I was born in the century of the death of the rose
when the motor had already driven out the angels.
Quito watched as the last stagecoach rolled away,
and at its passing trees ran by in perfect order,
and also hedges and houses of new parishes,
at the threshold of the countryside
where cows were slowly chewing silence
as wind spurred on its swift horses.
My mother, clothed in the setting sun,
stored her youth deep in a guitar
and only on certain evenings would she show it to her children,
wrapped in music, light, and words.
I loved the hydrography of rain,
yellow fleas on apple trees,
and toads that rang two or three times
their thick wooden bells.
The great sail of the air manoeuvred endlessly.
The cordillera was a shore of the sky.
A storm came, and as drums rolled
its drenched regiments charged;
but then the sun’s golden patrols
restored translucent peace to the fields.
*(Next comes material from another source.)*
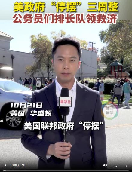21日,美國聯(lián)邦政府“停擺”已整整三周。當(dāng)天午間,新華社記者在首都華盛頓東郊一處救濟(jì)點看到,被拖欠工資的聯(lián)邦雇員排起了數(shù)十米長隊,領(lǐng)取免費(fèi)食品以解“燃眉之急”。

I watched men embrace barley,
horsemen sink into sky,
and laden wagons pulled by lowing oxen
travel down to the mango-fragrant coast.
There was a valley with farms
where dawn set off a trickle of roosters,
and to the west was a land where sugarcane
waved its peaceful banner, and cacao trees
stored in coffers their secret fortunes,
and the pineapple girded on its fragrant cuirass,
the nude banana its silken tunic.
It has all passed, in successive waves,
just as the useles ciphers of sea foam pass.
Entangled in seaweed, the years went by slowly
as memory became scarcely a water-lily,
its drowned face
looming up between two waters.
The guitar is only a coffin for songs
as the cock wit hits head wound laments.
And all the earth’s angels have emigrated,
even the dark brown angel of the cacao tree.